CONVERSION AND RELEASE

 

This Conversion and Release (the “Release”) is dated as of March 21, 2011.  Pollex, Inc. (the “Company”) on the one hand, and Joytoto Co, Ltd. (the “Holder”) on the other hand, hereby acknowledge and agree that the Company currently owes the Holder $80,000 (the “Indebtedness”).  The Holder, hereby agree to convert $20,000 of the Indebtedness, into 166,000 shares (the “Shares”) of common stock of the Company (that portion of the Indebtedness converted, the “Converted Indebtedness”).

 

Following the conversion, (1) all of the Holders’ rights and claims to the Converted Indebtedness are hereby terminated, forgiven and discharged, and the Holders are not entitled to any other payments from the Company and/or its affiliates (including parent entities) with respect to the Converted Indebtedness, (2) all of the Holders irrevocably and unconditionally release the Company, its predecessors,  its parents, subsidiaries, affiliates, and past, present and future officers, directors, agents, consultants, employees, representatives, and insurers, as applicable, together with all successors and assigns of any of the foregoing (collectively, the “Released Parties”), of and from all claims, demands, actions, causes of action, rights of action, contracts, controversies, covenants, obligations, agreements, damages, penalties, interest, fees, expenses, costs, remedies, reckonings, extents, responsibilities, liabilities, suits, and proceedings of whatsoever kind, nature, or description, direct or indirect, vested or contingent, known or unknown, suspected or unsuspected, in contract, tort, law, equity, or otherwise, under the laws of any jurisdiction, that the Holders or their legal representatives, successors or assigns, ever had, now have, or hereafter can, shall, or may have, against the Released Parties, for, upon, or by reason of any matter, cause, or thing whatsoever from the beginning of the world through, and including, the date of conversion, as it relates to the Converted Indebtedness, (3) the Holders have not assigned or transferred any claim they are releasing, nor have they purported to do so, and (4) the Holders will execute any and all other documentation as may be necessary to implement and confirm the provisions of this Release.

 

The Holder hereby represents and confirms that it:

 

(a)            Information on the Company.  Holder has been furnished with or has had access to such information and materials concerning the Company as have been requested by Holder.  In addition, Holder may have received in writing from the Company such other information concerning its operations, financial condition prospects and other matters as Holder has requested in writing (such other information is collectively the "Other Written Information") and considered all factors Holder deems material in deciding on the advisability of acquiring in the Shares.

 

(b)  Holder has adequate means of providing for current needs and contingencies, has no need for liquidity in the investment, and is able to bear the economic risk of an investment in the Shares offered by the Company of the size contemplated.  The Holder represents that the Holder is able to bear the economic risk of the investment and at the present time could afford a complete loss of such investment.  The Holder has had a full opportunity to inspect the books and records of the Company and to make any and all inquiries of The Company’s officers and directors regarding the Company and its business as the Holder has deemed appropriate.
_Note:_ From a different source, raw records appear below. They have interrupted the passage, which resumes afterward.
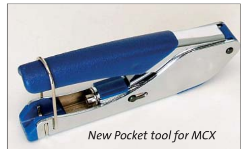
New Pocket tool for MCX

In addition to these exhibitions, Cabelcon's products can be found on many other exhibitions around the world - represented by our local distributors and dealers.
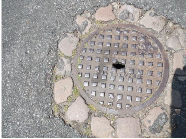
A Colchester manhole cover

As well as the named foundry manhole covers there are several where the names have worn away from use but also some that only marked “ Colchester “. There are also those that I list as ring drains.
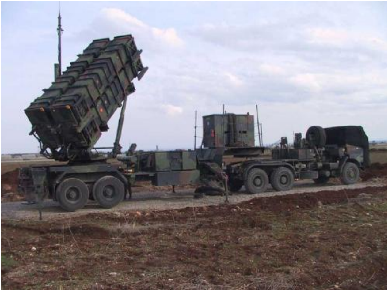
Image: A Patriot missile system. NATO Source Alliance News Blog reported on November 4, 2012, "Turkey plans to officially request NATO deploy a Patriot missile defense system in its territories as a security precaution against a potential large-scale military offensive from Syria as Syrian shelling on the border raises tensions." Now this request is being repurposed to enact a defacto "no fly zone" over northern Syria - illustrating the duplicitous nature of reports/initiatives coming out of NATO members as they once again attempt to creep their way toward unwarranted military intervention.

Turkey is implicated by the above mentioned Saban Center itself, as a necessary component in joint Turkish-Israeli cooperation to press Syria's borders to trigger dissent amongst Syria's military ranks.
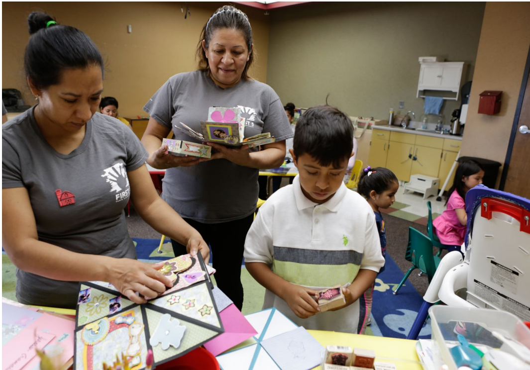
Scrapbooking workshop with Gen2Gen volunteers at Family Resource Center in Santa Clara County.
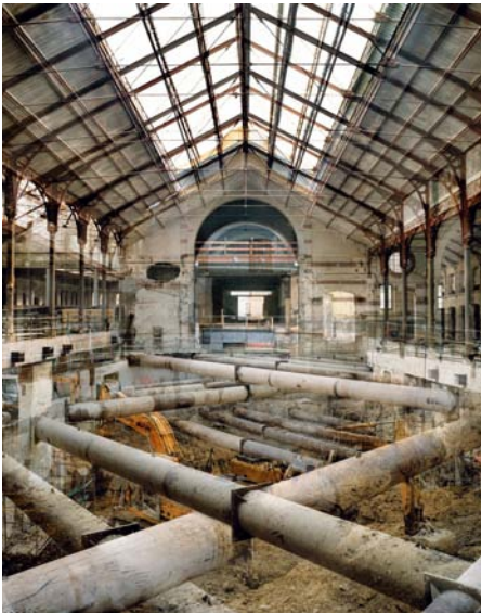
Stéphane Couturier Série "Melting Point" - 104- Photo n° 2 - 104 rue d'Aubervilliers – Paris 19 Teknik: C-print
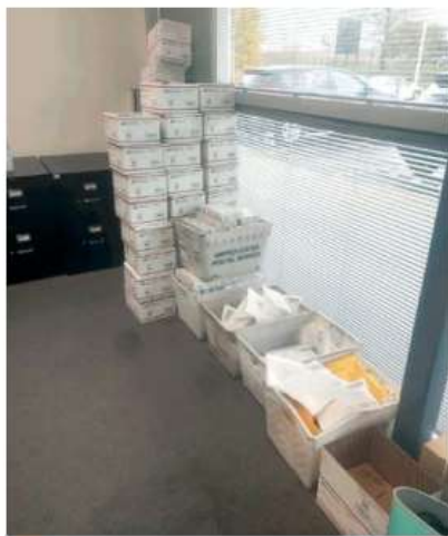
The 2023 membership cards are getting ready to be shipped!
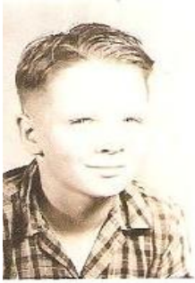
high school picture
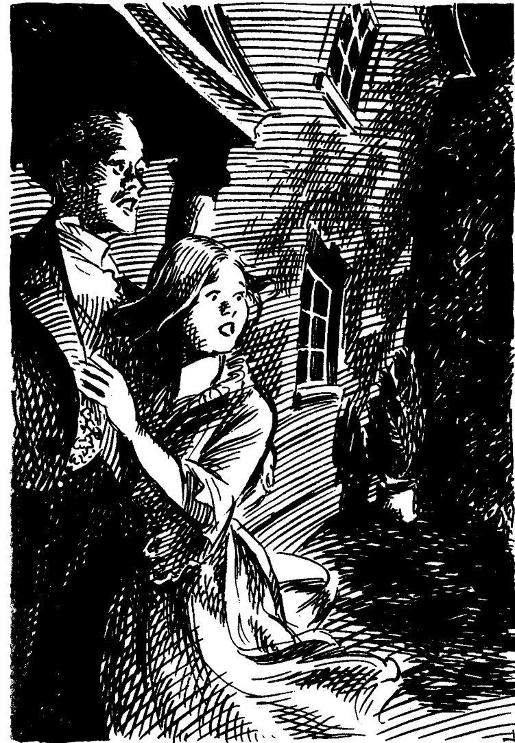
We heard a noise, somebody crying, far away in the night. But we saw nothing. There were no lights and no people there.

In Dublin, I began to be happier. I met a lot of friendly people and I went dancing every evening. A lot of young men came to speak to me and asked me to dance; I liked talking to them. I
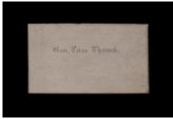
Calling Card: Calling card for "Gen. Tom Thumb" (T 2016.028.001)
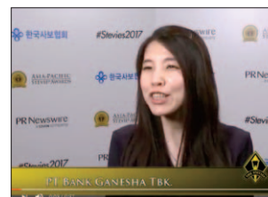
PT Bank Ganesha
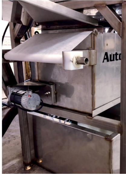
Auto Filtration System
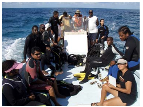
Refresher course participants at Glover's Reef

Finally, the Fisheries Dept. produced a report in June 2005 that presents the results of the MBRS-funded, one-year (February 2004 – January 2005) monitoring of 4 sites: Rocky Pt., Sandbore, Caye Glory/Emily, and Nicholas Caye. The report shows the abundance, size classes, and seasonality for the many species that
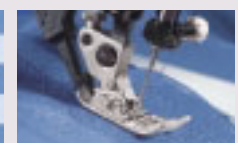
Fine fabrics, several layers – absolutely no slipping! Perfect for quilting!
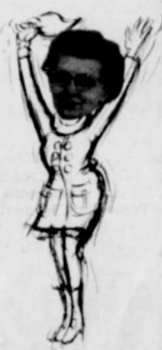
Hurray for Lower Prices!
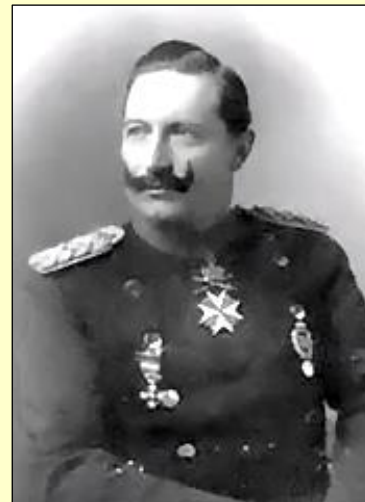
3. Kaiser William wearing the Prussian officers' uniform in 1890. (aged 31)
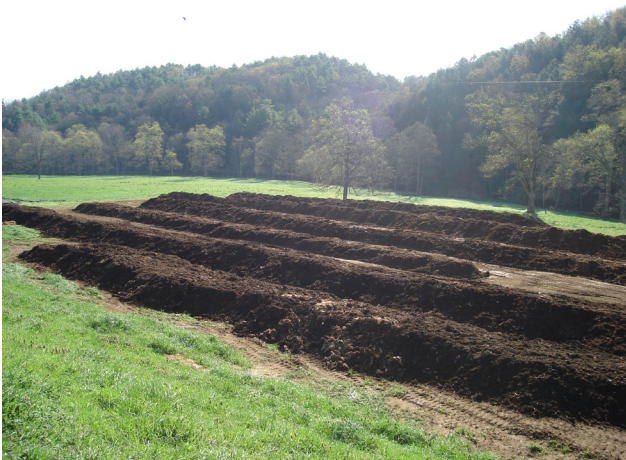
Figure 8. Outdoor mortality compost windrows.
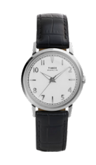
Marlin® Quartz 34mm Leather Strap Watch

Marlin Quartz Moon Phase 40mm SST Case Green Dial Bracelet
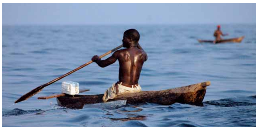
Fishing provides the main source of food and income for many lakeshore communities

Perched on the edge of the plateau, Ku Chawe Inn is a super mountain retreat, with good food and notably friendly service. Commanding panoramic views of the valley below, it makes a perfect base for gentle hiking in search of the birds, wild orchids and the occasional antelope. Lepidopterists will already know that Zomba is renowned for its butterflies.
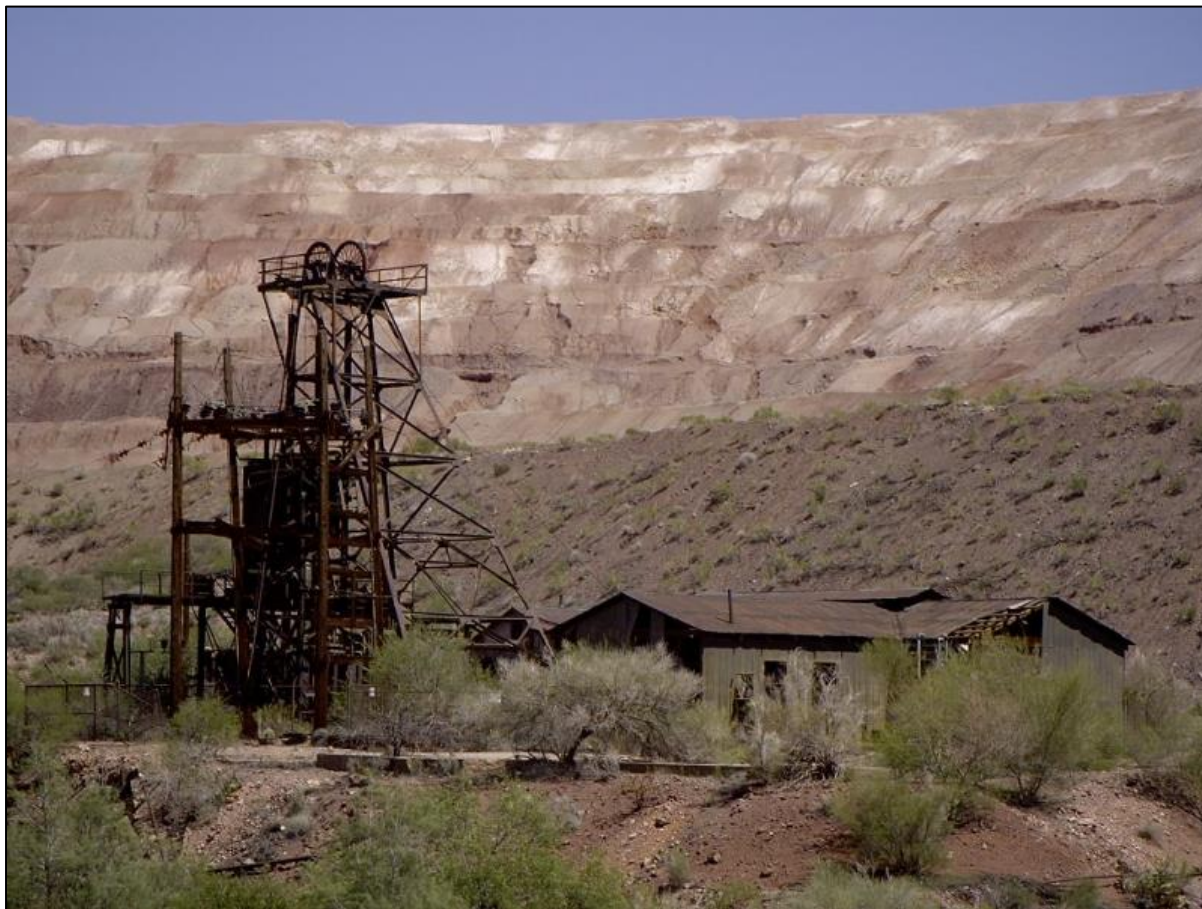
Figure 3: Headframe of the Tiger Mine, San Manuel, Arizona.
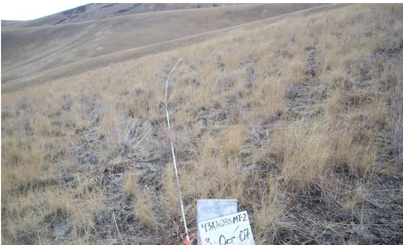
Figure 8. 43AA Droughty Steep 2

The Bluebunch Wheatgrass Community (1.1) is dominated by bluebunch wheatgrass, a taller cool-season bunchgrass with a minor component of forbs and low-growing shrubs. Bluebunch wheatgrass is typically the dominant species in the Bluebunch Wheatgrass Community (1.1). Rough fescue ( Festuca campestris ) occurs in the reference community in the more mesic portion of the LRU, increasing to approximately 20% of species composition by dry weight in the wetter end of the LRU. Needleandthread, Idaho fescue ( Festuca Idahoensis ), Sandberg bluegrass ( Poa secunda ), and prairie junegrass ( Koeleria macrantha ) are subdominant. Many common forb species exist on this site, including arrowleaf balsamroot ( Balsamorhiza sagittata ). Low-growing shrub species, including fringed sagewort ( Artemisia frigida ), are present as a minor part of the community. The Taller Bunchgrass State generally occurs on the Droughty Steep site in areas where proper grazing management practices have been implemented over a long period. The Bluebunch Wheatgrass Community can be maintained through the implementation of properly managed grazing that provides adequate growing-season deferment to allow establishment of taller grass propagules and/or the recovery of vigor of stressed plants. The Bluebunch Wheatgrass
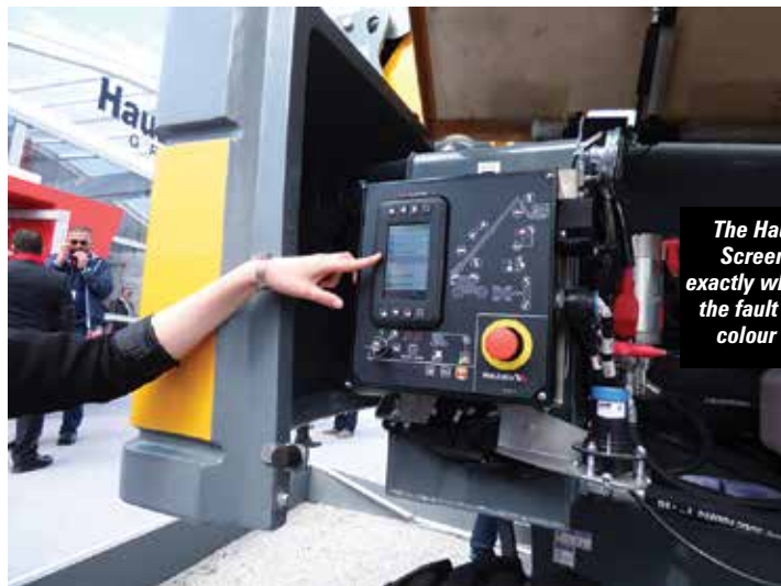
The Haulotte Activ Screen indicates exactly what and where the fault is with a full colour illustration
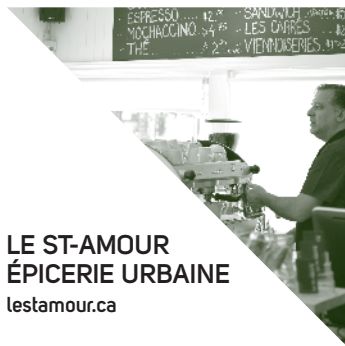
LE ST-AMOUR ÉPICERIE URBAINE lestamour.ca
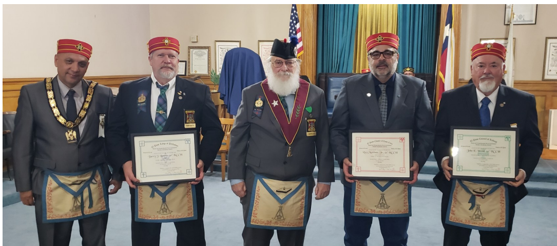
Presentation of Certificates to our outgoing 2024 Officers
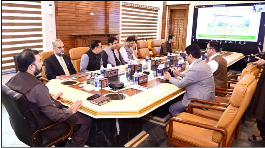
QUETTA: Chief Minister Balochistan Mir Sarfaraz Ahmed Bugti participating in a meeting through video chaired by Federal Minister Musaddiq Malik to review progress on Kachhi canal

Ph: 2841470/2841473 REG: No. BC-116 B/ID-445 Vol XXV No. 339, Muharram 25, 1446 AH Thursday August 01, 2024 Pages 08, Price Rs.15
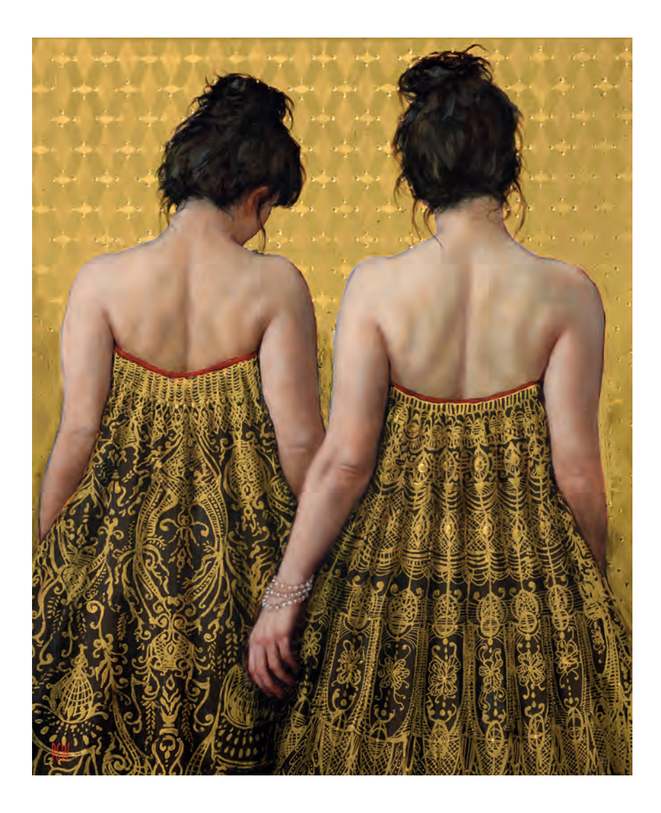
Gemini Oil and 24ct gold leaf on panel 20 x 16 inches

(c)           Information on Holder.  The Holder is, and on each date on which the Holder continues to own restricted securities will be, an “Accredited Investor” as defined in Rule 501(a) under the Securities Act. In general, an “Accredited Investor” is deemed to be an institution with assets in excess of $5,000,000 or individuals with a net worth in excess of $1,000,000 (excluding such person’s residence) or annual income exceeding $200,000 or $300,000 jointly with his or her spouse.  Notwithstanding the foregoing, if the Holder is a Non-U.S. Person (a “Reg S Person”), such Holder hereby represents that the representations contained in paragraphs (1) through (7) of this section are true and correct with respect to such Holder:

 

(1)           (i) the issuance and sale to such Reg S Person of the Shares is intended to be exempt from the registration requirements of the Securities Act, pursuant to the provisions of Regulation S; (ii) it is not a “U.S. Person,” as such term is defined in Regulation S, and is not acquiring the Shares for the account or benefit of any U.S. Person; and (iii) the offer and sale of the Shares has not taken place, and is not taking place, within the United States of America or its territories or possessions.  Such Reg S Person acknowledges that the offer and sale of the Shares has taken place, and is taking place in an “offshore transaction,” as such term is defined in Regulation S.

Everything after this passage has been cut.